Another model that emphasizes the role of psychological factors is the behavioural
model. This model states that both normal and abnormal behaviours are learned and
psychological disorders are the result of learning maladaptive ways of behaving. The model
concentrates on behaviours that are learned through conditioning and proposes that what has
been learned can be unlearned. Learning can take place by classical conditioning (temporal
association in which two events repeatedly occur close together in time), operant
conditioning (behaviour is followed by a reward), and social learning (learning by imitating
others’ behaviour). These three types of conditioning account for behaviour, whether
adaptive or maladaptive.
Psychological factors are also emphasized by the cognitive model. This model states
that abnormal functioning can result from cognitive problems. People may hold assumptions
and attitudes about themselves that are irrational and inaccurate. People may also repeatedly
think in illogical ways and make over generalizations, that is, they may draw broad, negative
conclusions on the basis of a single insignificant event.

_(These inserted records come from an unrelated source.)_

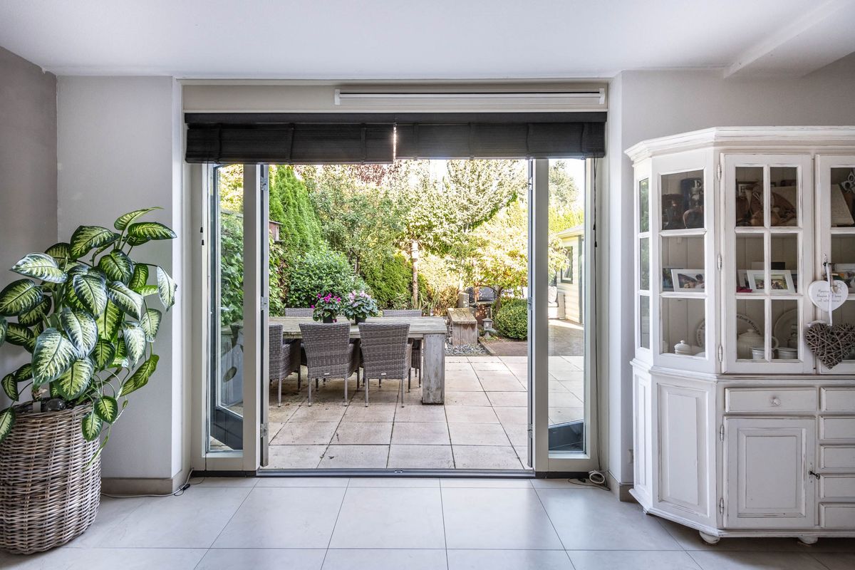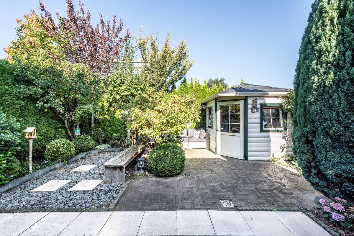 De achtertuin is fraai aangelegd en keurig onderhouden. Dankzij de verschillende terrassen en zithoeken is er altijd een plek in de zon of de schaduw te vinden. De brede zonwering biedt comfort tijdens warme zomerdagen. Achter in de tuin bevindt zich een vrijstaande kunststof berging, praktisch voor het stallen van fietsen of het opbergen van tuingereedschap en speelgoed. De tuin is tevens te bereiken via een achterom.
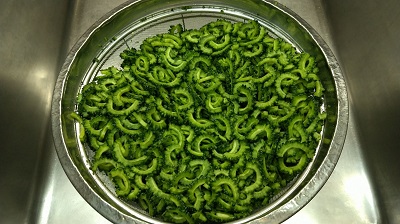 給食では、毎年7月に「ゴーヤチャンプルー」が出ます。ゴーヤは、給食調理員がしっかり水洗いして、中のタネやわたをていねいにとり、食べやすく切って、塩で下味をつけています。豚肉やもやしといっしょにいため、塩としょうゆで味つけし、子ども達が食べるときに、かつおぶしをかけます。「食べられたよ。」「苦いと思ったけど、大丈夫やった。」と味わって食べていましたよ。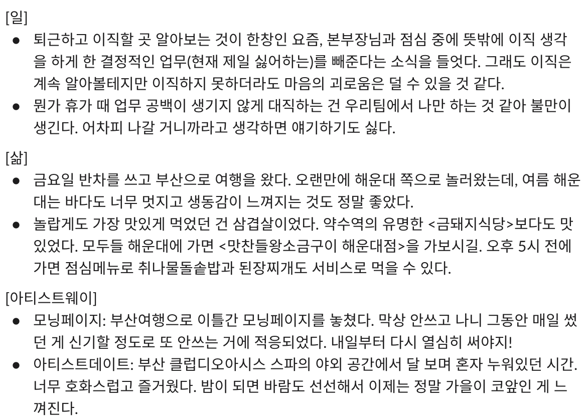 한동안 정신없이 번역 작업하고 콘텐츠 만드느라 책 읽을 시간이 없었다. 인풋 대비 아웃풋이 너무 많아진 것. 9월은 인풋을 다시 늘려야겠다. 도서관에서 빌려온 <크리에이티브 점프> 연체하지 말고 읽자. 선샤이닝 독서모임도 재미있게 다녀오고 모임책인 <먼저 온 미래> 이번주까지 완독하자.

Another psychological model is the humanistic-existential model which focuses on
broader aspects of human existence. Humanists believe that human beings are born with a
natural tendency to be friendly, cooperative and constructive, and are driven to self-actualize,
i.e. to fulfil this potential for goodness and growth. Existentialists believe that from birth we
have total freedom to give meaning to our existence or to avoid that responsibility. Those
who shirk from this responsibility would live empty, inauthentic, and dysfunctional lives.
Neurosis:
Neurosis is a set of mental disorders that involve chronic distress, but they do not include delusions and
hallucinations. Neurosis is also known as neurotic disorder or psychoneurosis and is of different types:
• Hysteria.
• Impulse control disorder.
• Obsessive-compulsive disorder.
• Anxiety.
• Obsessive-compulsive personality disorder.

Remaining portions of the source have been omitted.